I think the reason i feel most betrayed is that she knows me, she accepted me for who i am and what i do, but now she doesnt. Am i a worse person? what happened where all of a sudden being me isnt good enough. Why cant people accept me for me. I think Im a decent person I think how i want to live my life is just fine. I have an AMAZING husband who loves me for me, the bestest of friends who remind me almost every day that they love me. 

I dont know how to even bring up to her how upset i feel that im not good enough the way i am, or that how i feel by having her betray me and give my number to a missionary. I understand she just got back from her mission and is getting temple married and is very up on her church i get it but it still upsets me deeply. 

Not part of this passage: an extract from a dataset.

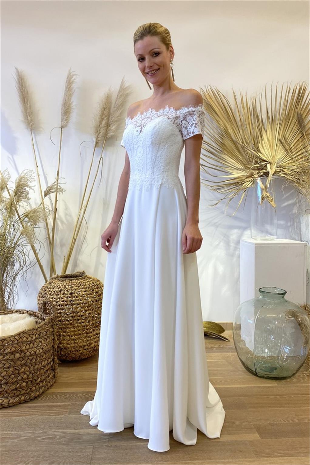 New Beach Wedding Dresses A Line Appliques Lace Boat Neck Boho Bridal Gowns
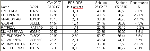 Interessant ist aber ein Vergleich der Performance aller DAX-gelisteten Immo-Werte seit Beginn der Korrektur. Da die Korrektur am 26.2.07 anfing, habe ich mal den Schlusskurs am 23.2.07 mit den Schlusskursen von gestern (5.3.07) verglichen und ich stelle nochmal die Frage:

I have no problem sharing my religious views with anyone, if they ask for them. Im not going to spew what i believe and why to strangers, i dont need to explain myself. All anyone needs to know is that i am agnostic, meaning I dont know what i am, i am discovering myself and where i belong. Some religions i know 100% i dont belong in. But I want to figure it out by myself, not have someone push me in the direction they want for me

I would really appreciate some feedback on how to handle the convo with my friend and what to tell the missionary when she calls again.

2 comments:

  1. Just flat out let the sister missionary know that you are not interested in learning anything from her about the church. As for your friend. That's tough, especially if its who I think it is... I might just ask her what's up and why she felt the need to go behind your back and do such a thing. Let her know how betrayed you feel and how it hurts your trust. Kindly ask her to not give out your number to anyone without first explicitly asking your permission.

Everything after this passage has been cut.